> [Exercise directions]
Go through the listing below and retype exactly the lines starting at the one with "IT之家 1 月 6 日消息" and ending at the one with "(1)しっかりと骨盤を立てて両脚を開き、両腕を床と水平にまっすぐ伸ばす", skipping pictures.

> [Working data]
++++++++

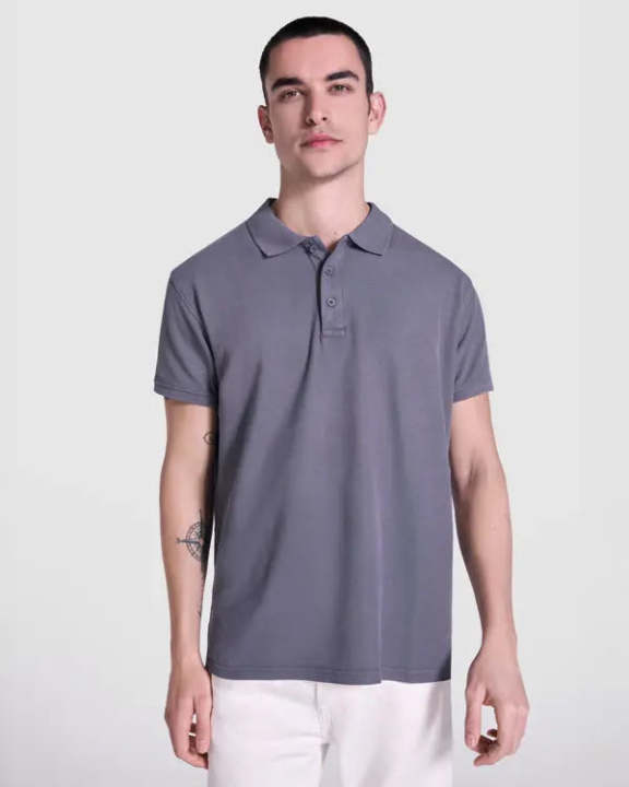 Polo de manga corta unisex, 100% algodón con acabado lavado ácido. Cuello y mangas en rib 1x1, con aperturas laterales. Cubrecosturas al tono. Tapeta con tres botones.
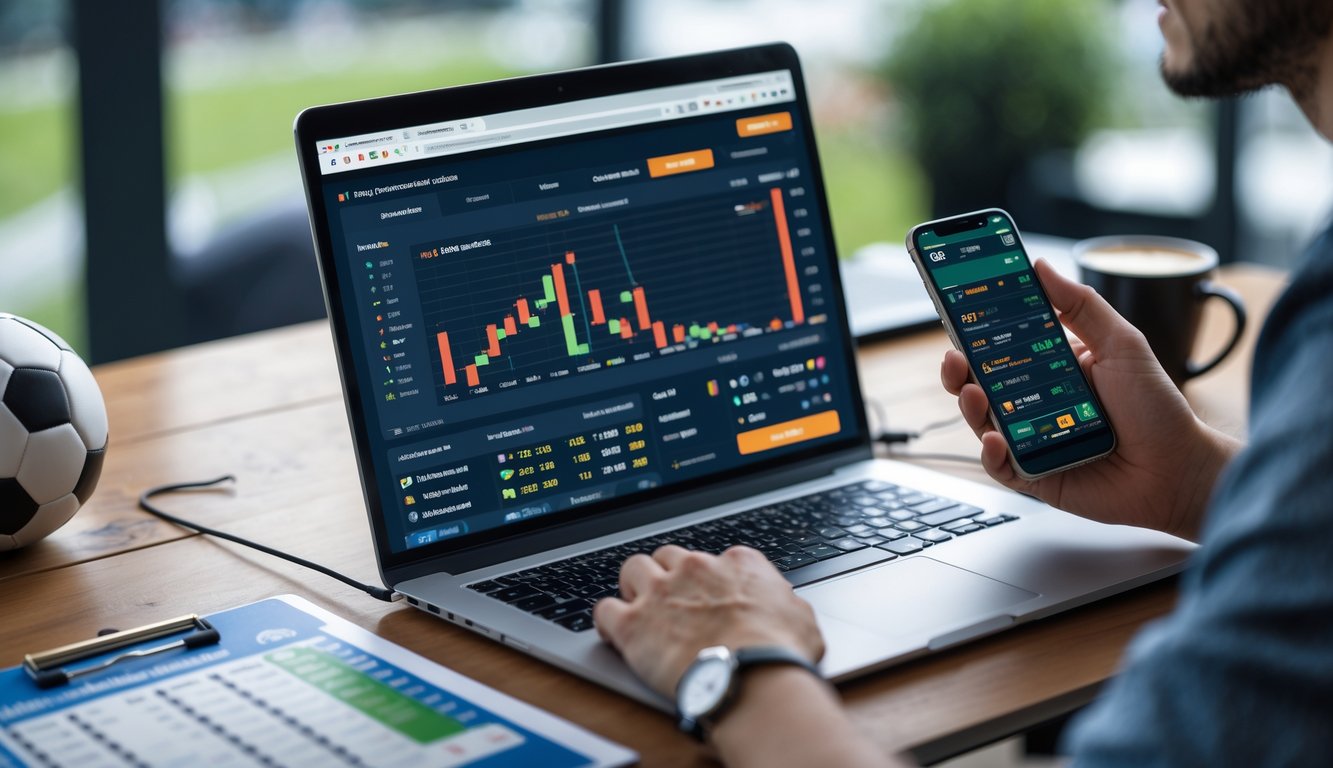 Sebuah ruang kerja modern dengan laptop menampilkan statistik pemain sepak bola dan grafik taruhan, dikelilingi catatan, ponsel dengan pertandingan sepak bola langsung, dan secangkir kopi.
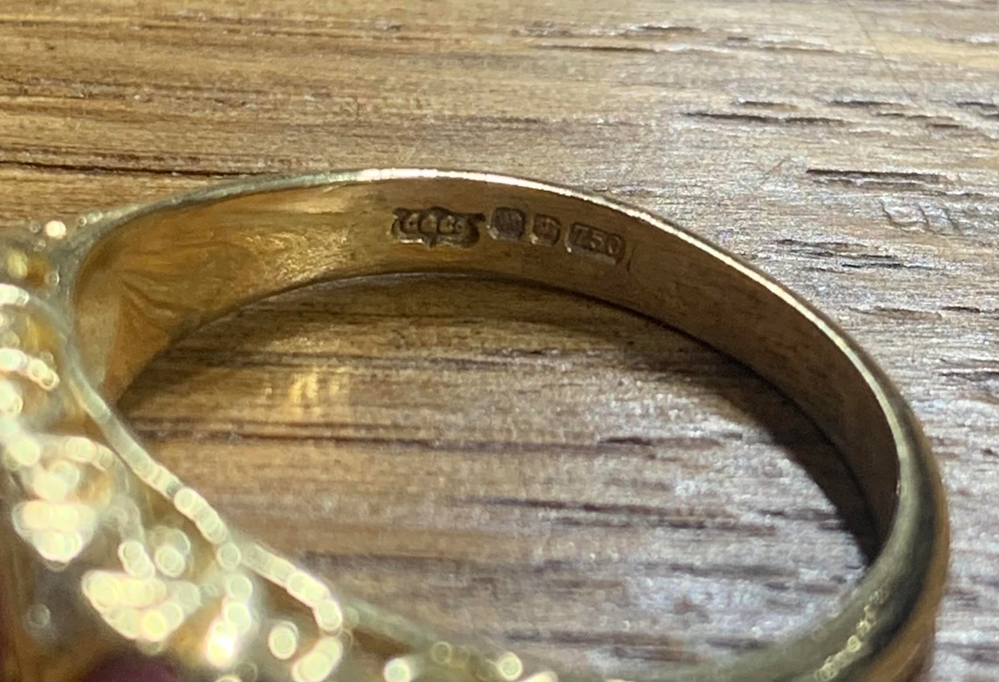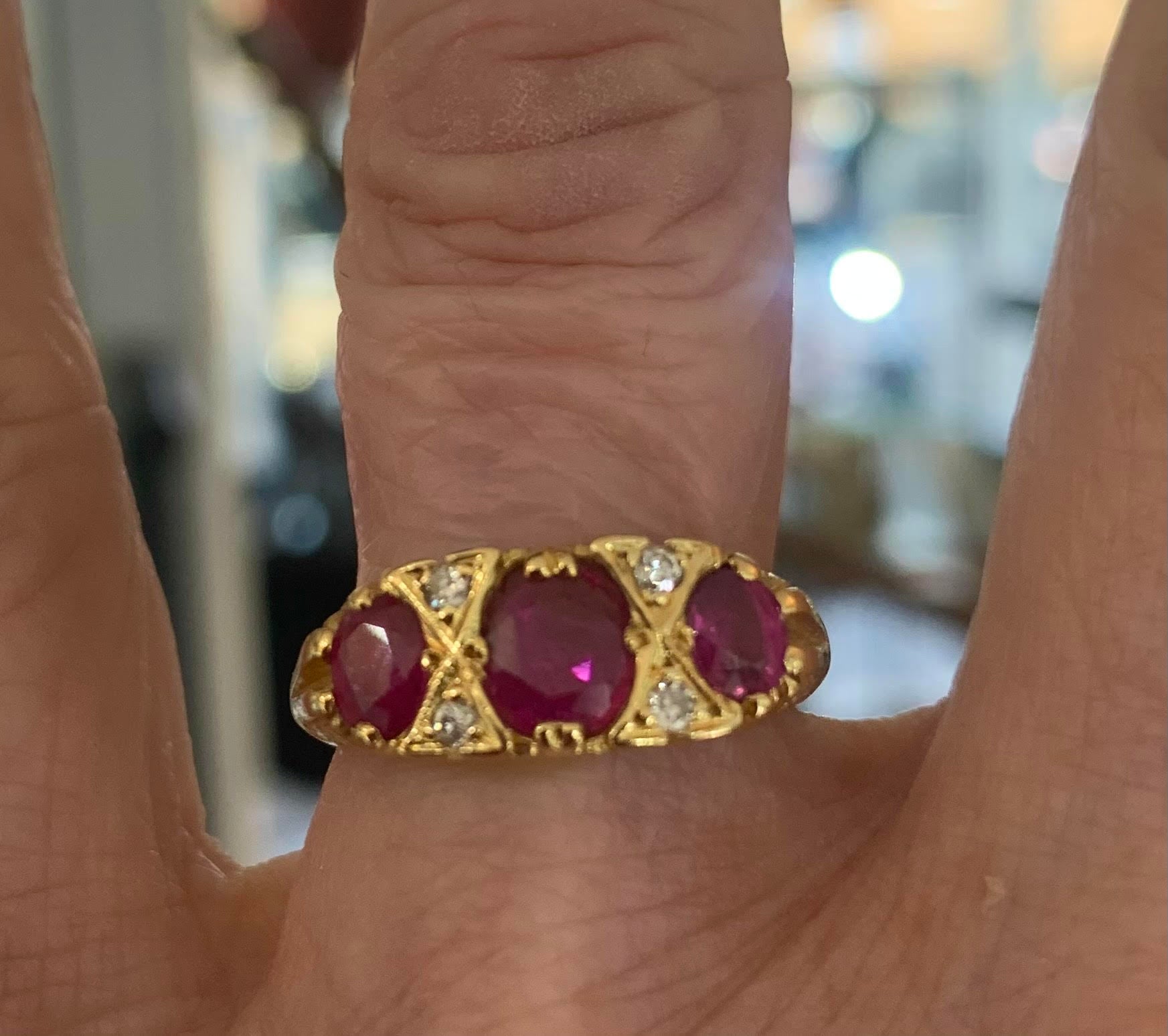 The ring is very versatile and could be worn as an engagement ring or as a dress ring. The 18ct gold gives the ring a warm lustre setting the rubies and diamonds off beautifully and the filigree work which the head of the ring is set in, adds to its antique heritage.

++++++++

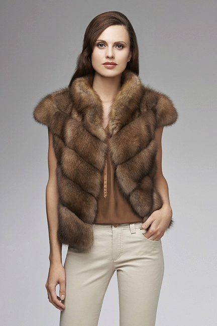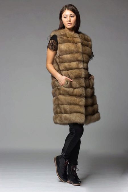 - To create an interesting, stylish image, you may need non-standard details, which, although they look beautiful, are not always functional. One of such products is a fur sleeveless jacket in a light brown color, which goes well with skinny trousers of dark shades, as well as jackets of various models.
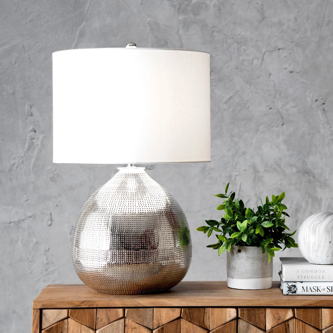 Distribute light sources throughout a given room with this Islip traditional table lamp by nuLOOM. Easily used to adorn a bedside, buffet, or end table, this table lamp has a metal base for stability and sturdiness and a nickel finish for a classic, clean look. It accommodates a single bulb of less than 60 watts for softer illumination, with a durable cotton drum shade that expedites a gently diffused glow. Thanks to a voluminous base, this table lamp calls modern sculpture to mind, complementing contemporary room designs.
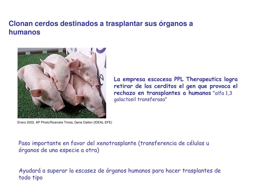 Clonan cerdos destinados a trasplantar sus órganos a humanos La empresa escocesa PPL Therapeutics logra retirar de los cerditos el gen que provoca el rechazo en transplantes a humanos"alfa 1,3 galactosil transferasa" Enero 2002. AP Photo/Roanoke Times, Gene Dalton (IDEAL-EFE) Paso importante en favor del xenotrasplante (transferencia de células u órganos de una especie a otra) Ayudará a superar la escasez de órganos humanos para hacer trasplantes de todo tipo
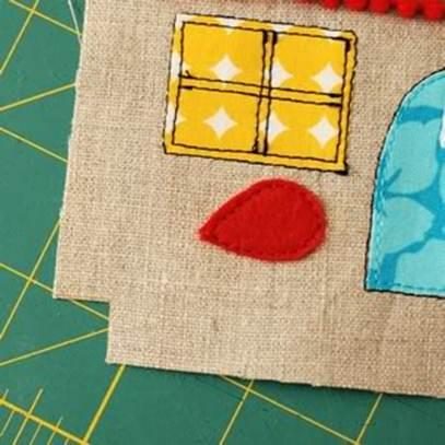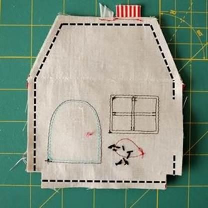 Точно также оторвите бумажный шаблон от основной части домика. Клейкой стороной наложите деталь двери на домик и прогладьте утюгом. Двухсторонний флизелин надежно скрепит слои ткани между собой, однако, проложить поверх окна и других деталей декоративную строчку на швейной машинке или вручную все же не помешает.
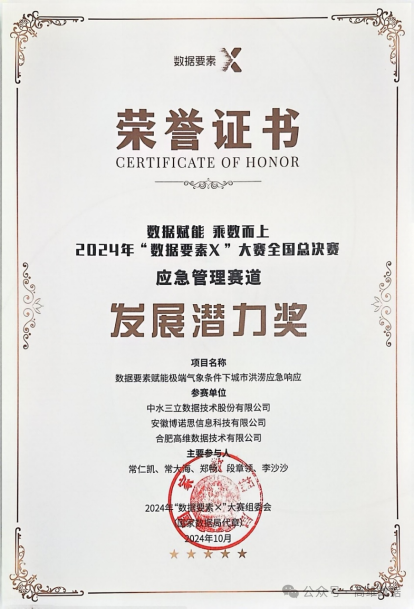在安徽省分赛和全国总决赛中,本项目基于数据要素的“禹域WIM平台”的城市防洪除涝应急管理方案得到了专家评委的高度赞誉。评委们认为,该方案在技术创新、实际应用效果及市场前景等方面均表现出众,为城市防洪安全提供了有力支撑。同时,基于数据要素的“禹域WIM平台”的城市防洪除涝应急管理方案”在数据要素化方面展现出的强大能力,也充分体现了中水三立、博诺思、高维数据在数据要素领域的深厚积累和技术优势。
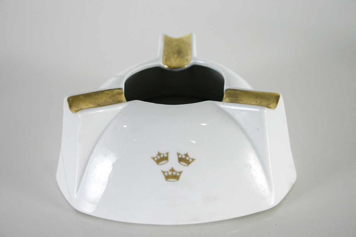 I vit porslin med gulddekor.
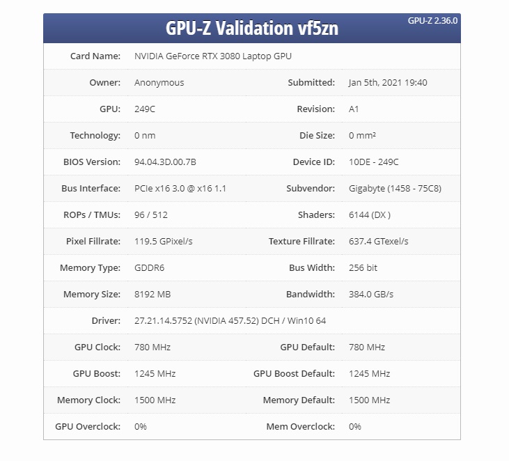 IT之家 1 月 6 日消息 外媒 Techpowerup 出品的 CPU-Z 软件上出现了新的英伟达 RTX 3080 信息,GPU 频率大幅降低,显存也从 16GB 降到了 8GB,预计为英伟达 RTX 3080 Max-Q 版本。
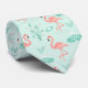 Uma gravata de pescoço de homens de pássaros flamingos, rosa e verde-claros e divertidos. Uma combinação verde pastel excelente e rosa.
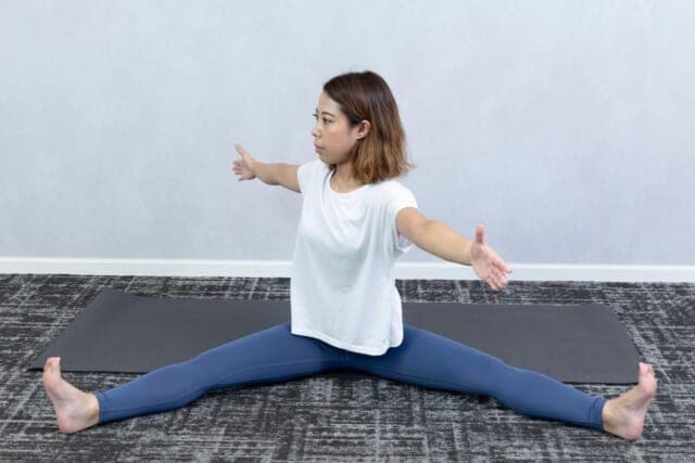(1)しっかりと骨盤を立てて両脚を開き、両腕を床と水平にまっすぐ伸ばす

++++++++

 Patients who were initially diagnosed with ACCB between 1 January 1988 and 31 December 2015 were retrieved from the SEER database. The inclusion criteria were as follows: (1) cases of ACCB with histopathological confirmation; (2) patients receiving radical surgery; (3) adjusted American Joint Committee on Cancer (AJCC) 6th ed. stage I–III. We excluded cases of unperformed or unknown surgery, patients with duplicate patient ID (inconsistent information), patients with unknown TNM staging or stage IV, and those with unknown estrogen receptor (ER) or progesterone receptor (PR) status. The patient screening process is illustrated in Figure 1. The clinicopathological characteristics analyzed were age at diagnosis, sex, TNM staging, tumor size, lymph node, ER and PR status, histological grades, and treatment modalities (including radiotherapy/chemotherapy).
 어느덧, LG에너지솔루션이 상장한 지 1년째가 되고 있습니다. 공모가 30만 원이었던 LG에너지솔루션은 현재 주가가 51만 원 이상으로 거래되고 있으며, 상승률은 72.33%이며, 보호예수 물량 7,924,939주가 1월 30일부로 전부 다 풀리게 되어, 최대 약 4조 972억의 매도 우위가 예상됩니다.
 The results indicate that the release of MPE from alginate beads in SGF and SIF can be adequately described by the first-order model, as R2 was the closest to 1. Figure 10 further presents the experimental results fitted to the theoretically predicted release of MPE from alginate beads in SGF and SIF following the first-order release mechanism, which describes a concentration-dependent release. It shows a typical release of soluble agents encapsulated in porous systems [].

++++++++

> [Task solution]
 IT之家 1 月 6 日消息 外媒 Techpowerup 出品的 CPU-Z 软件上出现了新的英伟达 RTX 3080 信息,GPU 频率大幅降低,显存也从 16GB 降到了 8GB,预计为英伟达 RTX 3080 Max-Q 版本。
 Uma gravata de pescoço de homens de pássaros flamingos, rosa e verde-claros e divertidos. Uma combinação verde pastel excelente e rosa.
(1)しっかりと骨盤を立てて両脚を開き、両腕を床と水平にまっすぐ伸ばす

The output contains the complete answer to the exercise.